Page 1 of 1

check_alive command does not output performance graph

Posted: Mon Oct 19, 2020 4:04 am
by axvaster
Hello,


Problem description:

We have 2 hosts, which have same host check command "check_alive" (ping).

Let's call them host A & host B.

Host B can show ping's performance graph, host A can't; no matter which period is set, it just shows no data.
(The graph can be found in "Host Status Detail > Performance Graphs")

But they both have same host check command "check_alive" with same default parameters.



Little bit different settings in CCM:

- Host B:

◊ Host B set check command "check_alive" directly in the host check command;

◊ And Host B has default generic template without check command.

- Host A:

◊ Host A uses only a customized template; and set host check command: "check_alive" via that customized template.

◊ The customized template uses only same one default generic template.


These means that the command could not be overwritten.

Could you help us find out how this happened?



Note:

1. The structure looks like this:

Host A ← N/A ← customized template with host check command: check_alive ← default generic_host

Host B ← check_alive ← default generic_host


2. Other performance graph seems ok.

So it could not be a performance issue

Re: check_alive command does not output performance graph

Posted: Mon Oct 19, 2020 4:39 pm
by ssax
Please attach the XML and RRD files for this service from /usr/local/nagios/share/perfdata/HOSTNAME.

Please send me a copy of your profile as well, you can download it from Admin > System Profile by clicking the Download Profile button.

Thank you!

Re: check_alive command does not output performance graph

Posted: Thu Oct 22, 2020 11:39 pm
by axvaster
Please check the attachments

thank you!

Moderator's Note: The profile has been shared with the support team but has been removed from the public forum.
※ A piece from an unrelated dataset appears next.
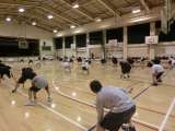 バスケットボール部は男女合同の練習です。 下半身の強化のために、裸足でのフットワ...
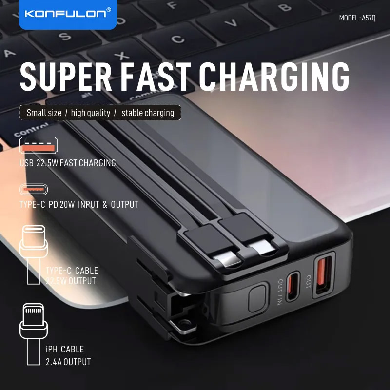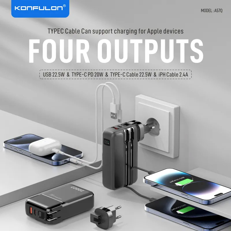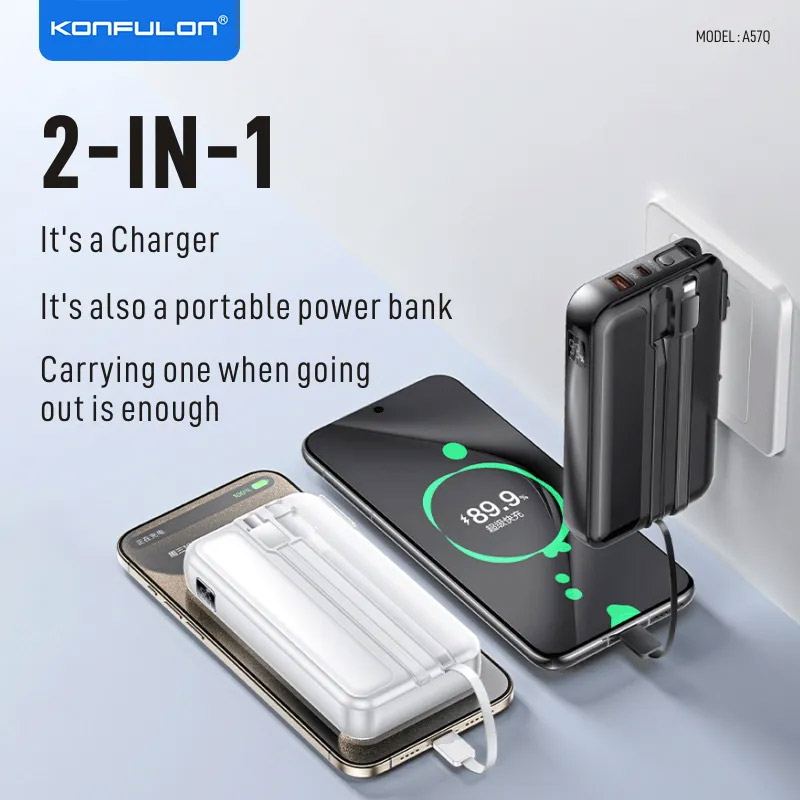 A57Q je višenamenski Power Bank sa ugrađenim kablovima i PD brzim punjenjem – 20.000 mAh

Re: check_alive command does not output performance graph

Posted: Fri Oct 23, 2020 5:13 pm
by ssax
Looking at the XML file on the FW2 one we see this:

Code: Select all

  <RRD>
    <RC>1</RC>
    <TXT>/usr/local/nagios/share/perfdata/DMZ-FW2/_HOST_.rrd: found extra data on update argument: 1.208:0.363</TXT>
  </RRD>
And this:

Code: Select all

<NAGIOS_HOSTPERFDATA>rta=0.649ms;3000.000;5000.000;0; pl=0%;80;100;; rtmax=1.208ms;;;; rtmin=0.363ms;;;;</NAGIOS_HOSTPERFDATA>
So the current check is returning 4 datasources but if we check the RRD file with we see there is only 2 datasources:

Code: Select all

[root@xid ~]# rrdtool info _HOST_.rrd |grep ds
ds[1].index = 0
ds[1].type = "GAUGE"
ds[1].minimal_heartbeat = 8460
ds[1].min = NaN
ds[1].max = NaN
ds[1].last_ds = "0.747000"
ds[1].value = 2.9133000000e+01
ds[1].unknown_sec = 0
ds[2].index = 1
ds[2].type = "GAUGE"
ds[2].minimal_heartbeat = 8460
ds[2].min = NaN
ds[2].max = NaN
ds[2].last_ds = "0"
ds[2].value = 0.0000000000e+00
ds[2].unknown_sec = 0
When a plugin changes the number of datasources the RRD either needs to be renamed (or deleted) so that it can be recreated with the proper number of datasources.
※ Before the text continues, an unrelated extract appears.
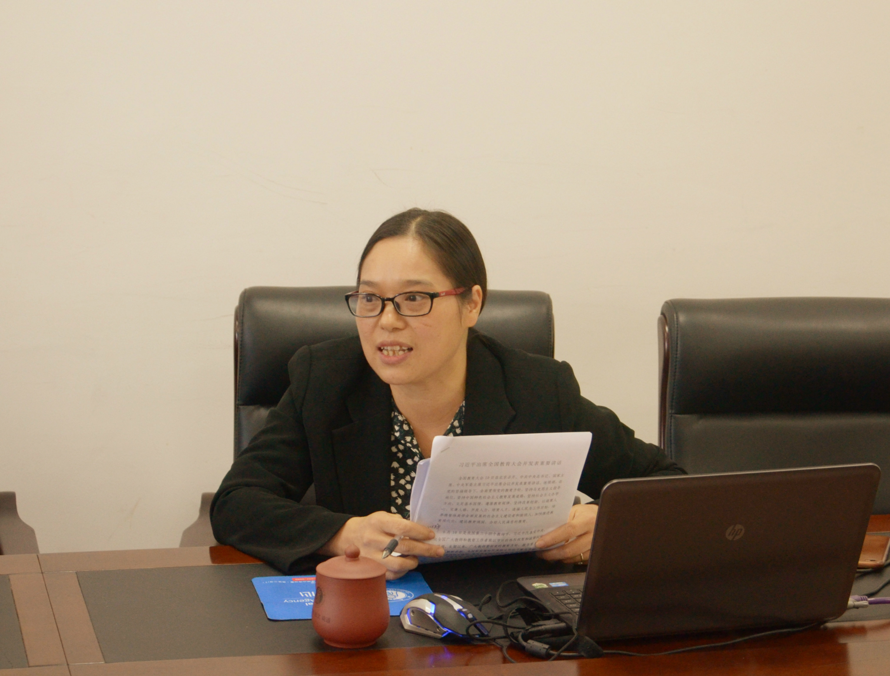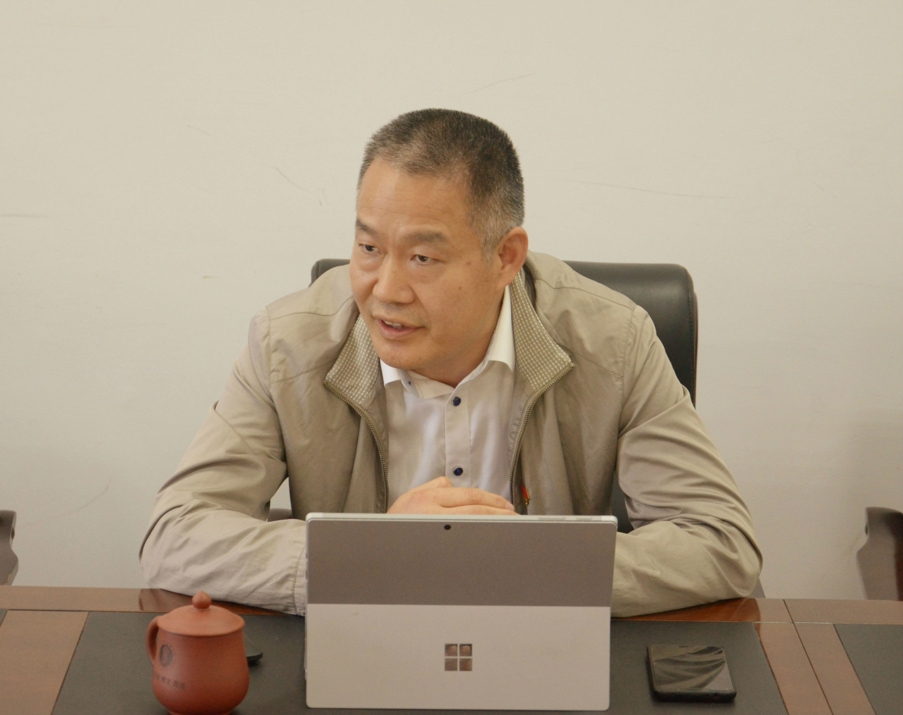 公司经理熊海灵在讨论中发言

You can try doing this first and it will automatically add the missing datasources to the RRD file (then it should start graphing again):

https://support.nagios.com/kb/article/n ... g-149.html

But if you have issues you can just rename /usr/local/nagios/share/perfdata/HOSTNAME/_HOST_.rrd and the next check result will automatically create a new RRD, then if you wait 10-15 minutes you should see it start graphing.
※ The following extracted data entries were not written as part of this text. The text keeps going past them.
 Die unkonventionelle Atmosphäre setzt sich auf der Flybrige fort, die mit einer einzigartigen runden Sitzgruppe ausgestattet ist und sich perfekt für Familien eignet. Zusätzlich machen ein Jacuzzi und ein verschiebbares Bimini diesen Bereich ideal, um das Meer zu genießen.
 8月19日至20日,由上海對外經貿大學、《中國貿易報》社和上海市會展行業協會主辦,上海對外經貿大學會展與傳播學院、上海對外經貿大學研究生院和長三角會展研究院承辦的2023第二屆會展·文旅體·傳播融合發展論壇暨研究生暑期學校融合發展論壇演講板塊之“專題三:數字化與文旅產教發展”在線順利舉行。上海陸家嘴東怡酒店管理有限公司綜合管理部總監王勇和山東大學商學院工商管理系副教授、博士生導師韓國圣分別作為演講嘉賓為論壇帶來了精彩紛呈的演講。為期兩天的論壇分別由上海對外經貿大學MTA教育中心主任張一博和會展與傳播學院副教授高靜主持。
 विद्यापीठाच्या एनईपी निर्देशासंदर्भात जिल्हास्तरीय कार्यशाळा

Re: check_alive command does not output performance graph

Posted: Wed Oct 28, 2020 1:36 am
by axvaster
Though I am not sure why or how the plugin changed the datasource it used to run;

it is all good after I removed the "_HOST_.rrd" file.

Thanks for your help!!

Re: check_alive command does not output performance graph

Posted: Wed Oct 28, 2020 7:56 am
by scottwilkerson
axvaster wrote:Though I am not sure why or how the plugin changed the datasource it used to run;

it is all good after I removed the "_HOST_.rrd" file.

Thanks for your help!!
Great!

Closing case